Expectation bigger than reality?
With their apparently bottomless balance sheets, expertise in all things financially engineered and raids on the consultancy community, investment banks would seemingly be placed to take the DB world by storm. However, questions have been raised by some onlookers over how much actual business they are seeing.
Con Keating, analyst at pension fund insurance vehicle Brighton- Rock Insurance, stated: "Every investment bank you care to think about now has a pension and insurance group and they're all going out there and offering longevity bonds and LDI, but when you get down to it, there just aren't very many of the pension schemes they all thought were going to be lapping this stuff up [actually] buying into the story."
In fact, Keating stated he believed the industry was in aggregate net deficit. One reason for this, he suggested, was that the "solutions" offered by the investment banks might have rather pre-empted - and in some cases dwarfed - the actual "problems". Keating explained he knew of one defined benefit trustee who claimed to receive regular calls from the pensions groups of investment banks wanting to come and talk to him about "solutions to his problems" - the irony being that his "problems" just aren't on the scale envisaged by these people.

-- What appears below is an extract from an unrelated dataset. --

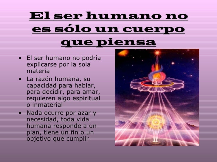 13. El ser humano no es sólo un cuerpo que piensa• El ser humano no podría explicarse por la sola materia• La razón humana, su capacidad para hablar, para decidir, para amar, requieren algo espiritual o inmaterial• Nada ocurre por azar y necesidad, toda vida humana responde a un plan, tiene un fin o un objetivo que cumplir

"I think a lot of the problems are perceived rather than real," stated Keating. Fees have also been mentioned as a sticking point. Structured products don't come cheaply and with fees for synthetic exposure being paid for on top of the management fees for investment in regular hard assets, the costs soon mount up for pension funds.
However, while pension funds may not have beaten down the door to the investment banks as yet, the mood inside the pensions groups remains upbeat - the banks are playing a long term game. Said Hari Achuthan, a US-based director in Credit Suisse's Pension Strategies & Transition Management Group:
"The scenario is no different than transition management, where years ago you had pension funds dealing more with indexers and custodians and now you're seeing pension funds work with the broker/dealer community. We think they're a lot more comfortable with investment banks than they were three or five years ago and this trend is rapidly developing across the plan sponsor cimmunity globally.
"I would say the role of a pensions solutions group is going to become more critical, as there are a lot of dynamic and efficient ways of managing assets and liabilities." Achuthan said pension funds might want to consider opportunities in the credit markets in the future and also pointed to a time when investment banks might become the link enabling the matching of assets between the insurance industry and pension funds.
"I think a few years down the road one could see plan sponsors increasingly managing returns using volatility buckets instead of traditional asset allocation strategies," he said.
Johnston and Palley of BNP Paribas, some of the newest entrants to the market, are similarly optimistic about their business prospects. "I see bright blue skies out there," said Palley. While they haven't actually seen a trade as yet, they described the reception they have been given by pension funds and consultants alike as "strong" and explained their expectation when setting up the pensions desk was that it would be a year to 18 months before they actually did any business.
"One of the questions we get typically when we go out and talk to prospects is, 'Well, who's done this before?'" said Palley. "Once there is a public mainstream that is doing these kinds of trades - and not just the mega-sized plans that are terribly sophisticated - that barrier's going to get broken down and people are going to be more comfortable with the idea."